What you should do —
Any images in the material are to be dropped while every line is retyped exactly.

Source material —

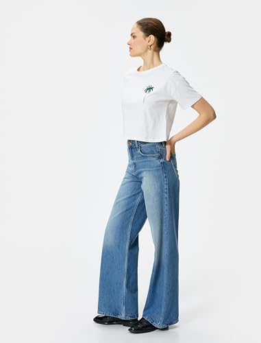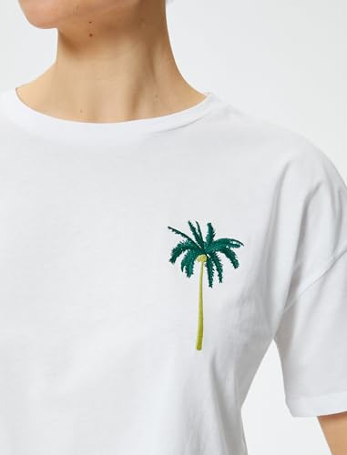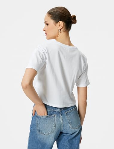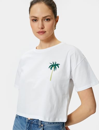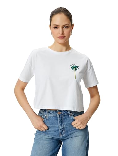 KOTON - KOTON womens Embroidered Crew Neck Short Sleeve Crop Tshirt
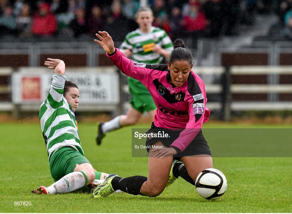 18 May 2014; Rianna Jarrett, Wexford Youths Women's AFC, is fouled by Kim Flood, Castlebar Celtic, resulting in a penalty being awarded and referee Rhona Daly sending off the Castlebar Celtic player. Bus Éireann Women’s National League Cup Final, Wexford Youths Women's AFC v Castlebar Celtic, Ferrycarrig Park, Wexford. Picture credit: David Maher / SPORTSFILE
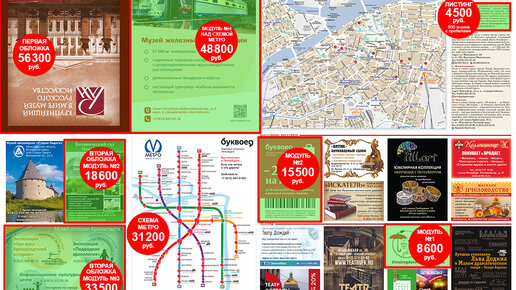Цены вполне демократичные, учитывая количество плюсов, которые получает рекламодатель: от модуля, разработанного профессиональным дизайнером, до распространения в самых туристических местах города: Дворцовая площадь, площадь Восстания, крупнейшие музеи, десятки отелей...
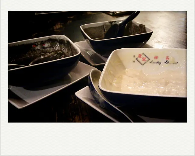 吃過豐富的晚餐,又撐著肚子吃甜品去。這裡的環境尚算闊落,惟晚間人手不足,往往要等一陣子才有店員來服務。我們選了兩款特式甜點,每款價格約 $40,不過味道並沒有帶給我們驚喜。雜果黑珍珠配涼粉條:生果有西瓜、蜜瓜、士多啤梨、芒果,但不算新鮮。伴著芒果汁吃,什麼也是甜的吧。涼粉條比較特別,是涼粉做出來的粗身粉條,口感像條狀的結實 jelly。芝麻馬利餅芝士杯:上層是芝麻跟馬利餅碎,下層是芝士杯。不過芝士味不怎麼突出,旁邊是平平無奇的雲尼拿雪糕,只是稍稍作了裝飾而已。個人來說,情願簡單吃一個木棣布甸呢。查看更多
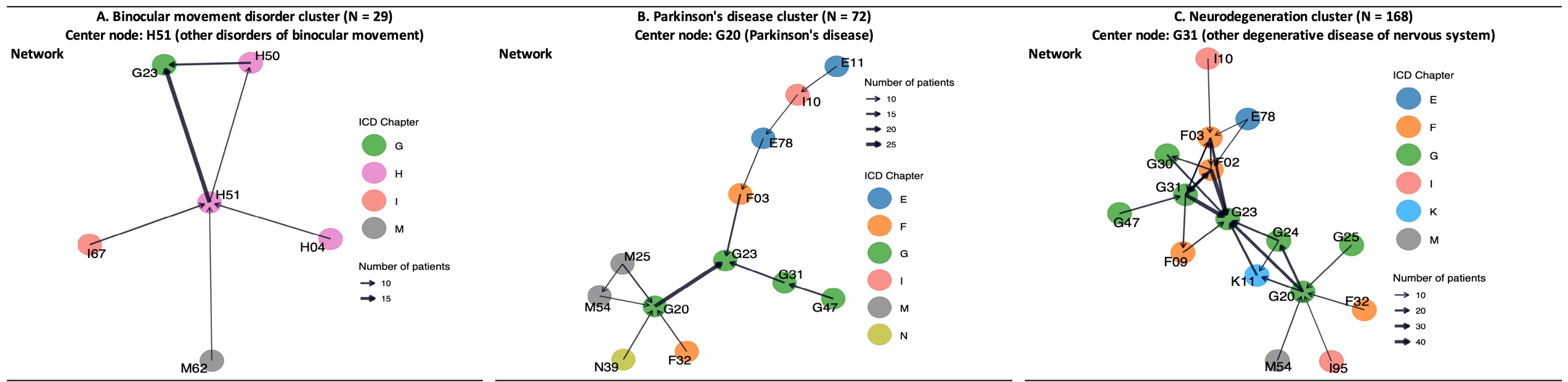 Results: Among 1,205 PSP patients, 247 were included in the final analysis, with 258 unique multi-step PSP disease trajectories identified. Three trajectory clusters emerged: 1) binocular movement disorder (e.g., cerebrovascular diseases → disorders of binocular movement → PSP; N=29), 2) Parkinson’s disease (e.g., joint disorder → Parkinson’s disease → PSP; N=72), and 3) neurodegenerative diseases (e.g., sleep disorders → degenerative nervous system diseases → PSP; N=168). Significant differences in demographics, symptoms, and PSP subtype distributions were observed across clusters, with 36.8% of trajectory edges identified as causal.

Task response —
 KOTON - KOTON womens Embroidered Crew Neck Short Sleeve Crop Tshirt
 18 May 2014; Rianna Jarrett, Wexford Youths Women's AFC, is fouled by Kim Flood, Castlebar Celtic, resulting in a penalty being awarded and referee Rhona Daly sending off the Castlebar Celtic player. Bus Éireann Women’s National League Cup Final, Wexford Youths Women's AFC v Castlebar Celtic, Ferrycarrig Park, Wexford. Picture credit: David Maher / SPORTSFILE
Цены вполне демократичные, учитывая количество плюсов, которые получает рекламодатель: от модуля, разработанного профессиональным дизайнером, до распространения в самых туристических местах города: Дворцовая площадь, площадь Восстания, крупнейшие музеи, десятки отелей...
 吃過豐富的晚餐,又撐著肚子吃甜品去。這裡的環境尚算闊落,惟晚間人手不足,往往要等一陣子才有店員來服務。我們選了兩款特式甜點,每款價格約 $40,不過味道並沒有帶給我們驚喜。雜果黑珍珠配涼粉條:生果有西瓜、蜜瓜、士多啤梨、芒果,但不算新鮮。伴著芒果汁吃,什麼也是甜的吧。涼粉條比較特別,是涼粉做出來的粗身粉條,口感像條狀的結實 jelly。芝麻馬利餅芝士杯:上層是芝麻跟馬利餅碎,下層是芝士杯。不過芝士味不怎麼突出,旁邊是平平無奇的雲尼拿雪糕,只是稍稍作了裝飾而已。個人來說,情願簡單吃一個木棣布甸呢。查看更多
 Results: Among 1,205 PSP patients, 247 were included in the final analysis, with 258 unique multi-step PSP disease trajectories identified. Three trajectory clusters emerged: 1) binocular movement disorder (e.g., cerebrovascular diseases → disorders of binocular movement → PSP; N=29), 2) Parkinson’s disease (e.g., joint disorder → Parkinson’s disease → PSP; N=72), and 3) neurodegenerative diseases (e.g., sleep disorders → degenerative nervous system diseases → PSP; N=168). Significant differences in demographics, symptoms, and PSP subtype distributions were observed across clusters, with 36.8% of trajectory edges identified as causal.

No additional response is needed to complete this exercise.